Of course, tone of voice is key. Saying "Do it this way!" in a gruff, exasperated tone will be taken as a criticism. In fact, parents often slip into a critical teaching mode. It is not fatal, and used sparingly it may get the child's attention, but usually it adds to stress and lessens the likelihood your child will want you to help with problems.

How Not to Say It

  • "I can't believe you did that!"
  • "That's stupid!"
  • "Never mind, I"ll do it!"
  • "If that's the way you're going to be, then you can take care of this by yourself."
  • "That answer is wrong. I thought you said you studied for this test?"
  • "You're acting like a baby!"
  • "Why can't you be like your sister?"

Put-downs, name-calling, and comparisons are the worst kinds of statements you can make. Parents who use a critical teaching mode seldom use Empathizing. Learning to speak more empathetically can actually help parents feel more patient.

The best time to use Teaching is when:
  • Anxiety or frustration (for either parent or child) is low.
  • Children calmly ask questions.
  • Children are not preoccupied with other things.
  • You are not likely to be critical.

EmpathizingThis excerpt is from How To Say It to Your Kids by Dr. Paul Coleman.

The first "E" in TENDER stands for Empathizing. Empathy is important when your child is experiencing strong emotions. A child who calmly asks, "What is the capital of Kentucky?" will do fine with a straightforward answer. But if the child wads up his homework into a ball and yells, "I can never remember this stuff! Who cares what the capital of Kentucky is!" a little empathy may go a long way. "I don't blame you for being frustrated," a parent might say. "It's hard when you study your notes but still can't remember everything."

Parents trip up when it comes to showing genuine empathy. It's difficult to empathize when you're upset or angry or reeling from something your child has just said. Sometimes parents confuse empathy with encouragement and say things like, "Don't worry, I'm sure you'll do just fine."

Sympathetic pep talks are encouraging, but they are not empathic. When you make an empathic response, you are not trying at that moment to solve problems or heal wounds. Instead, you are trying to understand your child's pain and talk about it in a way that helps the child realize you truly do understand.

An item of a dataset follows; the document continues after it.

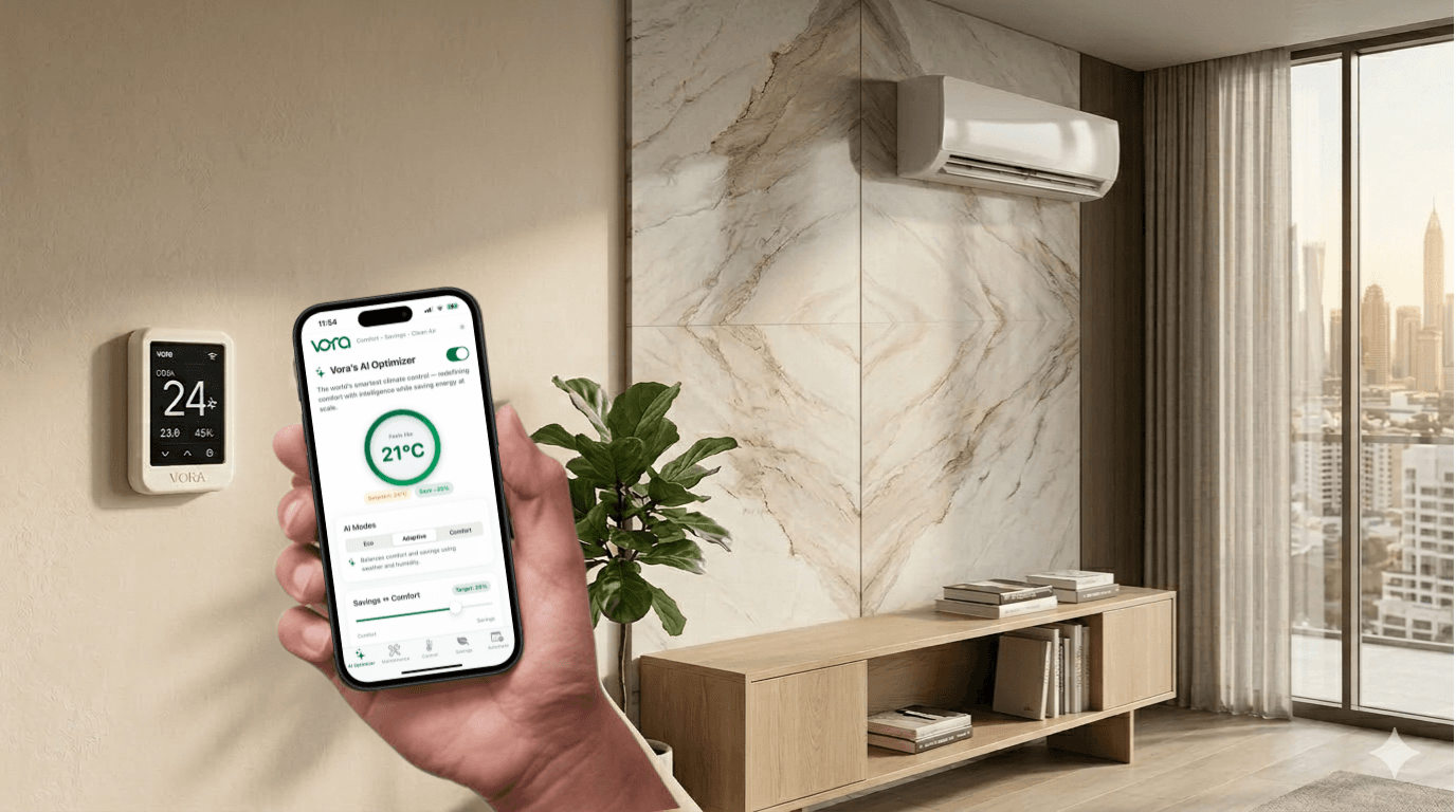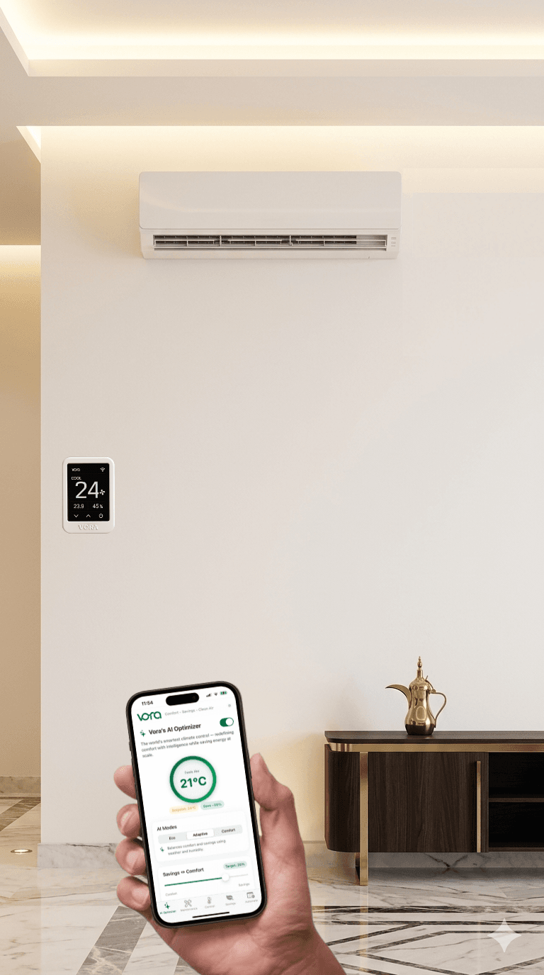 Vora optimizes any Air Conditioner (AC) using AI to cut up to 30% of cooling costs — without touching your comfort. Built for Gulf heat. Setup in 5 minutes.

When Annie came home crestfallen because a boy playmate preferred the company of another boy, her mother wanted Annie to feel better. She said, "Your sister will be home soon, and you can play with her." Mom was trying to be encouraging, but to show empathy she might have said, "That must make you feel sad and maybe a little angry, too." Annie would know that her feelings were being heard, not dismissed. That might have been sufficiently soothing, or it might have prompted Annie to talk even more about how she feels ("That happens to me at school sometimes, too"). Then Mom may have realized that her daughter's concerns were worth examining.

How to Say It

  • "You're feeling sad (or mad or nervous or glad) about . . ."
  • "It bothers you that your brother got to go on a class trip and you didn't."
  • "I know you're feeling scared about..."
  • "You wish Grandpa was here with you, don't you?"
  • "You missed the goal, and you're worried you let your team down. Do I have that right?"
  • "It feels good when you finally make friends at a new school."
  • "The way you hung up the phone makes me think you're upset about something."
  • "It's frustrating and sad when you look forward all week to the ball game but then get sick and have to stay home."
  • "You're really excited about the class trip to the aquarium."

A true empathic response is like holding up a mirror to someone. What they hear you say is a reflection of how they feel. Empathic comments are without judgment. They do not contain solutions to a problem, but solutions fall more easily into place if you can empathize because you understand the problem better. When you are showing empathy, your child will likely talk more. It's easier for a child to reveal her concerns when someone can accurately describe her feelings. If your child looks troubled but refuses to talk, asking "Why won't you tell me?" is not empathic and probably won't help. Say instead, "You seem worried (or hurt or angry or sad, etc.) about something. I'd like to talk about it with you, but maybe you'd rather think about it by yourself for a while." That may gently coax your child to respond.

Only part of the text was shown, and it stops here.